Inspiration, no matter what it might be, can never be the justification for a painting’s existence. In this, Frecon shares something with another abstract painter, Thomas Nozkowski. The difference is that Frecon works on a much larger scale, with a much smaller vocabulary. In that same interview, Frecon expressed her admiration for art that was ‘anonymous” and reached “a high plane of abstraction.” This goes against the commonplace model in which artists explain what they are to up, and how it is relevant, producing a readymade text of meaningfulness (or creative unmeaningfulness) that can be replicated in various ways.

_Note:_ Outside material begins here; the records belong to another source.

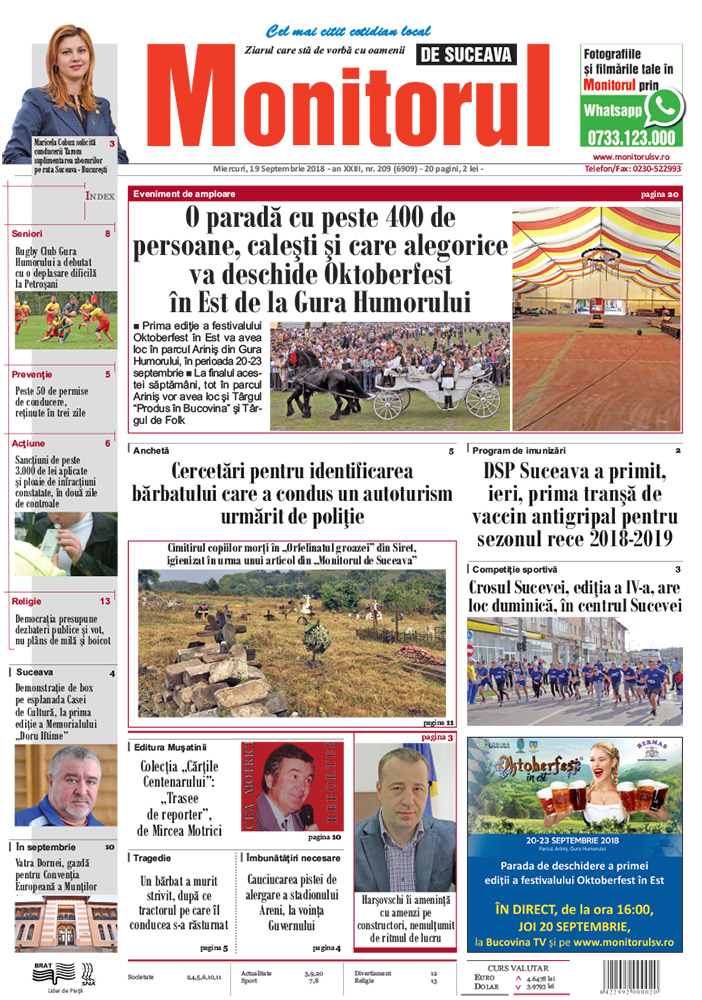 | O paradă cu peste 400 de persoane, caleşti şi care alegorice va deschide Oktoberfest în Est de la Gura Humorului |
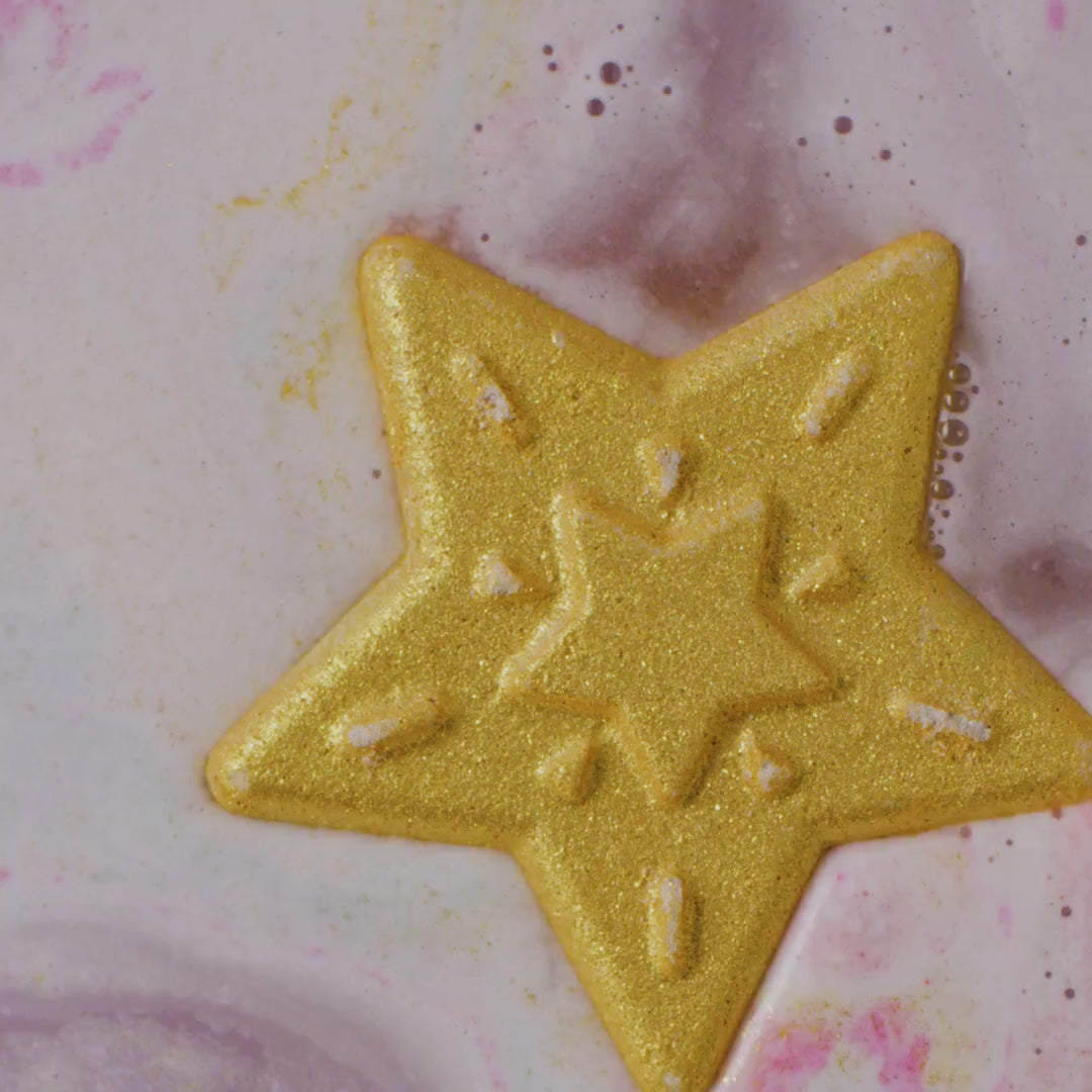 You've seen a shooting star, but a spinning one? It's impossible, surely! Follow this sweet, popcorn-scented creation into the tub and marvel at its magic: crackles of popping candy and spirals of dazzling colour. It has to be seen to be believed.
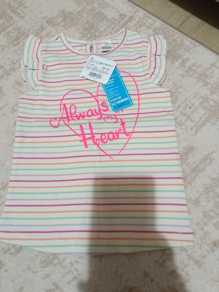 Kız Çocuk Renkli Çizgili Baskılı Tişört

As curious as we might be about what prompted a painting by Frecon — and it is never really just one thing — an attempt to discover it seems almost beside the point. Here, the critic must avoid the pitfall of showing off how many clever associations (or visual similarities) you can come up with. I think this is why people dislike certain kinds of painting so much: they cannot say what it is. They don’t like that uncertainty because it reminds them that life too is precarious, with the only guarantees being, as the saying goes, death and taxes.
In the exhibition "Suzan Frecon: recent oil paintings" at David Zwirner (September 14–October 21, 2017), the artist exhibits seven large, two-panel paintings. In six, Frecon works with two colors, one for the figure (an elliptical or a semicircular abstract form) and one for the ground. The figure has a glossy, lacquer-like surface, while the ground is more thinly painted and matte. The material differences affect the painting in a number of ways, including its relationship to the ambient natural light filtering through the gallery’s skylights, and not supplemented by artificial lights. The day I visited the show was cloudy, and so the light in the gallery felt gray and muted.
There is a bench to sit on in one room, where there is one painting, “noh” (2017), hanging, but none in either the front gallery or the large main gallery, and there should be. These paintings are to be contemplated from afar as well as walked up to and scrutinized. They are what the artist calls “slow,” meaning that they reveal themselves quietly over time. They are an anomaly and have more in common with Ad Reinhardt, whose “Blue Paintings” are on display in Zwirner’s other Chelsea gallery space, than they do with the work of Frecon’s contemporaries. Partly this has to do with her temperament, but it is also her response to the revelatory Hilma af Klint show that Frecon saw at PS1 in 1989, which helped her return to geometric forms, which she abandoned earlier in her career to concentrate on colors and paint strokes.
In “noh” (2017), a cadmium red half-moon extends across most of the painting’s two terre verte panels, its rounded edge touching the left panel’s top left corner while drifting just below the right panel’s top edge. I wrote “half-moon,” but I immediately want to qualify that description. The right side of the form is a skewed quarter-circle, stretched between the panel’s right and left edges. The other part of the shape extends across the width of the left panel not all the way. Its curve is more rounded. Do each of the shapes occupy the same amount of area? What about the severity of the red shape’s bottom edge, which cuts across the surface of both panels like a scalpel? It is as if the muted, matte green ground falls below the form it appears to be physically holding it up. How can that be?